我想阅读源码看一下alphafold2的实现细节,但是看完这个py文件里面并没有实现细节。只有对传入参数的设置,但读完代码也做一下记录。


1. 检查特定的参数:数据库文件夹、fasta文件、模板

运行main函数

if __name__ == '__main__':
  flags.mark_flags_as_required([
      'data_dir',
      'fasta_paths',
      'max_template_date',
  ])
  app.run(main)

2. main()函数

设置数据库路径(8个)、模板路径、输出文件路径

if len(argv) > 1:
    raise app.UsageError('Too many command-line arguments.')

  # You can individually override the following paths if you have placed the
  # data in locations other than the FLAGS.data_dir.

  # Path to the Uniref90 database for use by JackHMMER.
  uniref90_database_path = os.path.join(
      FLAGS.data_dir, 'uniref90', 'uniref90.fasta')

  # Path to the Uniprot database for use by JackHMMER.
  uniprot_database_path = os.path.join(
      FLAGS.data_dir, 'uniprot', 'uniprot.fasta')

  # Path to the MGnify database for use by JackHMMER.
  mgnify_database_path = os.path.join(
      FLAGS.data_dir, 'mgnify', 'mgy_clusters_2018_12.fa')

  # Path to the BFD database for use by HHblits.
  bfd_database_path = os.path.join(
      FLAGS.data_dir, 'bfd',
      'bfd_metaclust_clu_complete_id30_c90_final_seq.sorted_opt')

  # Path to the Small BFD database for use by JackHMMER.
  small_bfd_database_path = os.path.join(
      FLAGS.data_dir, 'small_bfd', 'bfd-first_non_consensus_sequences.fasta')

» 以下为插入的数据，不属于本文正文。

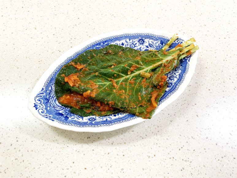 Ahora es el momento de ensamblar el kimchi de col rizada. Tome una hoja de col rizada a la vez y extienda la pasta de kimchi preparada uniformemente sobre su superficie. De manera similar a como se hace el kimchi de hoja de perilla, extienda una fina capa de pasta sobre una hoja de col rizada, luego coloque otra hoja de col rizada encima y repita el proceso, asegurándose de que todas las hojas de col rizada estén cubiertas con la pasta. Si las hojas son grandes, puede doblarlas por la mitad antes de untar la pasta.
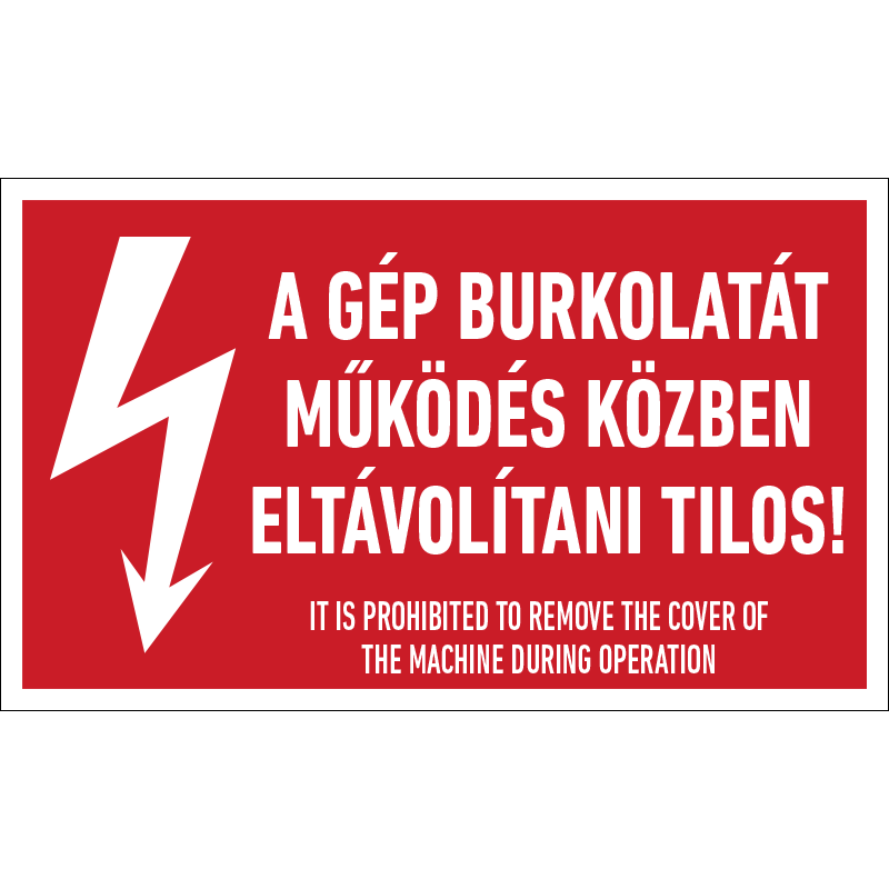 “A gép burkolatát működés közben eltávolítani tilos!” a berendezés burkolatának eltávolítását tiltja működés közben.

  # Path to the Uniclust30 database for use by HHblits.
  uniclust30_database_path = os.path.join(
      FLAGS.data_dir, 'uniclust30', 'uniclust30_2018_08', 'uniclust30_2018_08')

  # Path to the PDB70 database for use by HHsearch.
  pdb70_database_path = os.path.join(FLAGS.data_dir, 'pdb70', 'pdb70')

  # Path to the PDB seqres database for use by hmmsearch.
  pdb_seqres_database_path = os.path.join(
      FLAGS.data_dir, 'pdb_seqres', 'pdb_seqres.txt')

  # Path to a directory with template mmCIF structures, each named <pdb_id>.cif.
  template_mmcif_dir = os.path.join(FLAGS.data_dir, 'pdb_mmcif', 'mmcif_files')

  # Path to a file mapping obsolete PDB IDs to their replacements.
  obsolete_pdbs_path = os.path.join(FLAGS.data_dir, 'pdb_mmcif', 'obsolete.dat')

  alphafold_path = pathlib.Path(__file__).parent.parent
  data_dir_path = pathlib.Path(FLAGS.data_dir)
  if alphafold_path == data_dir_path or alphafold_path in data_dir_path.parents:
    raise app.UsageError(
        f'The download directory {FLAGS.data_dir} should not be a subdirectory '
        f'in the AlphaFold repository directory. If it is, the Docker build is '
        f'slow since the large databases are copied during the image creation.')

为模型使用的每个文件和目录创建装入点,并传回命令行修改参数为挂载目录

for i, fasta_path in enumerate(FLAGS.fasta_paths):
    mount, target_path = _create_mount(f'fasta_path_{i}', fasta_path)
    mounts.append(mount)
    target_fasta_paths.append(target_path)
  command_args.append(f'--fasta_paths={",".join(target_fasta_paths)}')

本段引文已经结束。